And by the way, I just understood your second approach. Wow. I would have never been able to come up with something using tensor product. This works absolutely fine. Again wow. And thanks a lot.

But now the problem is I have to write another function that does the opposite of this. You see I will be using these functions in a program which implements a multigrid method. So this reduce function implements the restriction part of the multigrid method. Now I need an expand function which implements the interpolation part.

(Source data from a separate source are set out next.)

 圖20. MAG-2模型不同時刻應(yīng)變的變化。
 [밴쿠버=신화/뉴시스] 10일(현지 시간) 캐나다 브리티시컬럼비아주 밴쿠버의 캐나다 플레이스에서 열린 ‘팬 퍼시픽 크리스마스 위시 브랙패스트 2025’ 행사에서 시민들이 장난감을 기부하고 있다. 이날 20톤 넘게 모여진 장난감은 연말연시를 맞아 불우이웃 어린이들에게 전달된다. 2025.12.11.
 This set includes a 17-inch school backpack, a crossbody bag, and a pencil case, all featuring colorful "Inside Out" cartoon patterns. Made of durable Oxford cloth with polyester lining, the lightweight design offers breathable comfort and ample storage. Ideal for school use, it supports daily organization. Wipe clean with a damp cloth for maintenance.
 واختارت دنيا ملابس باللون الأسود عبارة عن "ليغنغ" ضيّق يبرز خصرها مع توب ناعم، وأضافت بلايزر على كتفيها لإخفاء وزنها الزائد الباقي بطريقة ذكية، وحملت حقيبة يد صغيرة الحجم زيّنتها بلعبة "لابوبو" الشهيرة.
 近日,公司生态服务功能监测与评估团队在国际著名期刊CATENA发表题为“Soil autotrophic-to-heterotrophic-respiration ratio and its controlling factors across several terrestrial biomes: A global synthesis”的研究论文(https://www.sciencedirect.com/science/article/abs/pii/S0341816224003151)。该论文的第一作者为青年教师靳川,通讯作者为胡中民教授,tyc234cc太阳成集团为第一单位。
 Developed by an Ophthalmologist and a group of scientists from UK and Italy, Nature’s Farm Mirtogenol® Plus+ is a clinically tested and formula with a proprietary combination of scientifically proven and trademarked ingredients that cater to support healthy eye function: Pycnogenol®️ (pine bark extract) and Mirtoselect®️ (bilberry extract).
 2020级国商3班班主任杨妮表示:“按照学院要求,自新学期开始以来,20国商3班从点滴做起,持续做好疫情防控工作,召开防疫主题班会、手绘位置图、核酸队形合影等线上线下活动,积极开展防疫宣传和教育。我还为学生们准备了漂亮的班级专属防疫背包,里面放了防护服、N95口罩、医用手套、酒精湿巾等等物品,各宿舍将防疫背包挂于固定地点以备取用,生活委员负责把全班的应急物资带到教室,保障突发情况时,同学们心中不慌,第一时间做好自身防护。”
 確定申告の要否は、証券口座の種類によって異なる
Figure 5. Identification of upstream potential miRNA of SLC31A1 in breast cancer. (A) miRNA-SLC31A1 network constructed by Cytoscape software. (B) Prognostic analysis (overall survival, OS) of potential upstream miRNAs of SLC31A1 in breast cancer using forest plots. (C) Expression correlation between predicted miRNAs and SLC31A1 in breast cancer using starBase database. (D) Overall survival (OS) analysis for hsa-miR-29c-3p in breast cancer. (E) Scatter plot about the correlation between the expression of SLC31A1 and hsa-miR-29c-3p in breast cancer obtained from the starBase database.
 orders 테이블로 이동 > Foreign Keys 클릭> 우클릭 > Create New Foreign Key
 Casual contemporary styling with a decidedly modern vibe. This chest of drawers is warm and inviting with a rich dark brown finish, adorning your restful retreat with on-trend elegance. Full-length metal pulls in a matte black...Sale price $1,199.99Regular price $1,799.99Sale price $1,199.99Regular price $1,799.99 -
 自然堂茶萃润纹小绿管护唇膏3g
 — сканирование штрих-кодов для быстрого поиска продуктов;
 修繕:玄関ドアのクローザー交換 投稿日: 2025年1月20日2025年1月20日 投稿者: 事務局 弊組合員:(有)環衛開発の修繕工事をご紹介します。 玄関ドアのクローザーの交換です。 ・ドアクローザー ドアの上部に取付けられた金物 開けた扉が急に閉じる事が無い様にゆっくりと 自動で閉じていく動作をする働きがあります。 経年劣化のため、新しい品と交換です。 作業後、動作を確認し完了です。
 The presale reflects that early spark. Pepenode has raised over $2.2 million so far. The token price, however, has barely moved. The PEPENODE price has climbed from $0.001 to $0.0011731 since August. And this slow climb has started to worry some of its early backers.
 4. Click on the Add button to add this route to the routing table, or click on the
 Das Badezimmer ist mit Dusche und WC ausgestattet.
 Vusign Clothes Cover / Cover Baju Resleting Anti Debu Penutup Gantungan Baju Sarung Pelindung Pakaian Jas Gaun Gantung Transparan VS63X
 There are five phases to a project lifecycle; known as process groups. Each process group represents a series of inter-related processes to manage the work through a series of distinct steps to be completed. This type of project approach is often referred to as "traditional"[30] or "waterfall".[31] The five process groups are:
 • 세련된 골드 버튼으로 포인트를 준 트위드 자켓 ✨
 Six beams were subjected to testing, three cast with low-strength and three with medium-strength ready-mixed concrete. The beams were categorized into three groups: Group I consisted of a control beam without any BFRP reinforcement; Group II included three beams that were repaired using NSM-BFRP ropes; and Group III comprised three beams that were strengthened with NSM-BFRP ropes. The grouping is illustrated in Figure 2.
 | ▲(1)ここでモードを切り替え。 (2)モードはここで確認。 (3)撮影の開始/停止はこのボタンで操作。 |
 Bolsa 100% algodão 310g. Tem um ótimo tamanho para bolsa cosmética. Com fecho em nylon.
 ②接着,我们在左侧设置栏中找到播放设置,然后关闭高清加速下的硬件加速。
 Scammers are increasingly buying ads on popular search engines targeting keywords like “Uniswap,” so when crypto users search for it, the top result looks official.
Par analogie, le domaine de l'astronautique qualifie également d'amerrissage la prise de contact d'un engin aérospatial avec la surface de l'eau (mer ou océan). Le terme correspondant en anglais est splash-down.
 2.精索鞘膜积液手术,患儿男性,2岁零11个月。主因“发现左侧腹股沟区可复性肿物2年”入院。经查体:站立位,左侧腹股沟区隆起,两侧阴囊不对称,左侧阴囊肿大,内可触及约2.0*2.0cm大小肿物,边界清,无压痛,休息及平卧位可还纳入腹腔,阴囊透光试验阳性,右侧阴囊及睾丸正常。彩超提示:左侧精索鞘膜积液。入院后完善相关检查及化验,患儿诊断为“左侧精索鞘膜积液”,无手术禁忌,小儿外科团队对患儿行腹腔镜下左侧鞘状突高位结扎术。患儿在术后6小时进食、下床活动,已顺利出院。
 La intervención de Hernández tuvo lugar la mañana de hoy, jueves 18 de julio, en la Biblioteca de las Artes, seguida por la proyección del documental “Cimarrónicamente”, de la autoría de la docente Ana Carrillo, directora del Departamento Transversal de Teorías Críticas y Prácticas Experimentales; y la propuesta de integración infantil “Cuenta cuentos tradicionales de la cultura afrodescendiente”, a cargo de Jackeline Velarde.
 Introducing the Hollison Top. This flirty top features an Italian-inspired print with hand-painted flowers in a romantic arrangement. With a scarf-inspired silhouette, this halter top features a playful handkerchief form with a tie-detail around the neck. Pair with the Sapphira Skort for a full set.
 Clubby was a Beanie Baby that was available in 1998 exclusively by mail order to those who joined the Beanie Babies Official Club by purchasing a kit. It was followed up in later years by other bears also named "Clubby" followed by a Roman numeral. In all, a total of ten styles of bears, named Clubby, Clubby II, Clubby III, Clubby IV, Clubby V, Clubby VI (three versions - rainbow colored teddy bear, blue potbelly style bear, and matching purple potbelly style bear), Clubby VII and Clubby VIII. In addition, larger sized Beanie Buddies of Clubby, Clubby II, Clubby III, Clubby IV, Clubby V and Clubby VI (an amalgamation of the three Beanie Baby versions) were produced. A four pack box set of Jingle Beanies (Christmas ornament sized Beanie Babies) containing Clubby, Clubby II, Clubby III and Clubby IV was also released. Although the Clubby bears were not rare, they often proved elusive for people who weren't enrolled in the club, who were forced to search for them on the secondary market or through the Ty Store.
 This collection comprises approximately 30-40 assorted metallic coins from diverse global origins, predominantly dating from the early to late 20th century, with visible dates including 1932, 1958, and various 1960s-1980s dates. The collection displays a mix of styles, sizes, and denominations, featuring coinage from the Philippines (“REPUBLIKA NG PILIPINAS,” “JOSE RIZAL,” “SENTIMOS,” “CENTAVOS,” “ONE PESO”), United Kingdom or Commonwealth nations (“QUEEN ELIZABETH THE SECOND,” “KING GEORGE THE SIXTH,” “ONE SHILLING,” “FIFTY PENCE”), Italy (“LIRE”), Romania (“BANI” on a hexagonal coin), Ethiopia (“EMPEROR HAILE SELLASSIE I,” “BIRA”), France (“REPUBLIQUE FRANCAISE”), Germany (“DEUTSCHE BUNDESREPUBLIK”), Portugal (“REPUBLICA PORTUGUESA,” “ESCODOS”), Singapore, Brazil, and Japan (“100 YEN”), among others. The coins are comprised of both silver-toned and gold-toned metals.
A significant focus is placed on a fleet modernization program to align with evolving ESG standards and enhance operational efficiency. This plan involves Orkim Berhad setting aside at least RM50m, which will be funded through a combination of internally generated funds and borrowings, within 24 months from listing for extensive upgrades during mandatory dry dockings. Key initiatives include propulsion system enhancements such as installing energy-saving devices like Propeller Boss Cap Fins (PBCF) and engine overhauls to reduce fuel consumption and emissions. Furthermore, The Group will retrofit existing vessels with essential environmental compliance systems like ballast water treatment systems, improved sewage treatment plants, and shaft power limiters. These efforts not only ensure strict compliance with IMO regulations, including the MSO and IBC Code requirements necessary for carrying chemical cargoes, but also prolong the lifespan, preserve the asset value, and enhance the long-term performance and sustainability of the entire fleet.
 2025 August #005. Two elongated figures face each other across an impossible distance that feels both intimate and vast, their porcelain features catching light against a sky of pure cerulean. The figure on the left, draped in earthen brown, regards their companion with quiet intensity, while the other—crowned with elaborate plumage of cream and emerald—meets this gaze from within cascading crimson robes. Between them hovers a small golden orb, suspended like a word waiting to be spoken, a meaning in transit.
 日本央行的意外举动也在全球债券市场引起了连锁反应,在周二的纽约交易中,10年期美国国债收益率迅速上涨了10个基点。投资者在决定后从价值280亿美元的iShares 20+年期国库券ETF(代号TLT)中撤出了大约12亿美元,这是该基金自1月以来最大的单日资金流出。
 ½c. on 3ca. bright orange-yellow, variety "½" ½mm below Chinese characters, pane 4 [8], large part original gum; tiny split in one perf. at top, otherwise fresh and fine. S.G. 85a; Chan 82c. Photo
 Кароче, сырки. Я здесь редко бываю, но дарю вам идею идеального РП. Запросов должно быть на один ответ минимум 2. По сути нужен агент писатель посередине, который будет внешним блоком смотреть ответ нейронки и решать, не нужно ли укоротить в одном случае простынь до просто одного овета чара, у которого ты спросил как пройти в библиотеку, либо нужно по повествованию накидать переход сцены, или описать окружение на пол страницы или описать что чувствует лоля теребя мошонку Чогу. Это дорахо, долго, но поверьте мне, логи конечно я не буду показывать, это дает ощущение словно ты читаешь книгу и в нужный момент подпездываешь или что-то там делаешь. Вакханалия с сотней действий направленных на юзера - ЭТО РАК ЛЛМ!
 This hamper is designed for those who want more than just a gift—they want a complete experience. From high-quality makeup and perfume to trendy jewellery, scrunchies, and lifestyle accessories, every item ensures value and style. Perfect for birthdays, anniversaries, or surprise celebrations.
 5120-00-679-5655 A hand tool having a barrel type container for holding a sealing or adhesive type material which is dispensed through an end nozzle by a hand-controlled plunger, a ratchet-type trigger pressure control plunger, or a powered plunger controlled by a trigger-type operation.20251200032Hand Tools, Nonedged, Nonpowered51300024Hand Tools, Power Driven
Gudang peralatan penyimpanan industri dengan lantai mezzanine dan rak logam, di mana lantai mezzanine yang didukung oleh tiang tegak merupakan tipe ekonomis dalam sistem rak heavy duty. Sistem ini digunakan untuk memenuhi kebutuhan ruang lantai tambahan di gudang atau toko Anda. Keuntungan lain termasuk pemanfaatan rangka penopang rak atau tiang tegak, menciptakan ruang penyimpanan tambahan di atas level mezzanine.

The expand function gives a matrix with size twice as that of the input matrix and each element of the input matrix is copied to the 2X2 neighborhood of the output matrix.

Any leads on this one?
From: Avneep Dhanju on 7 Jan 2010 01:44
Well I think I got it using the tensor product. This works just fine:

function [q] = expand(p)
[m,n]=size(p);
D=kron(speye(m),[1;1]);
q=(D*p)*D.';

Thanks Matt. Thanka a lot.
From: Matt J on 7 Jan 2010 06:04
"Avneep Dhanju" <avneepdhanju(a)gmail.com> wrote in message <hi3vrn$3ij$1(a)fred.mathworks.com>...
> Well I think I got it using the tensor product. This works just fine:
>
> function [q] = expand(p)
> [m,n]=size(p);
> D=kron(speye(m),[1;1]);
> q=(D*p)*D.';
>
> Thanks Matt. Thanka a lot.

No problem. Bear in mind though that the original approach I proposed based on reshape() is what you would want to do with smaller, non-sparse matrices.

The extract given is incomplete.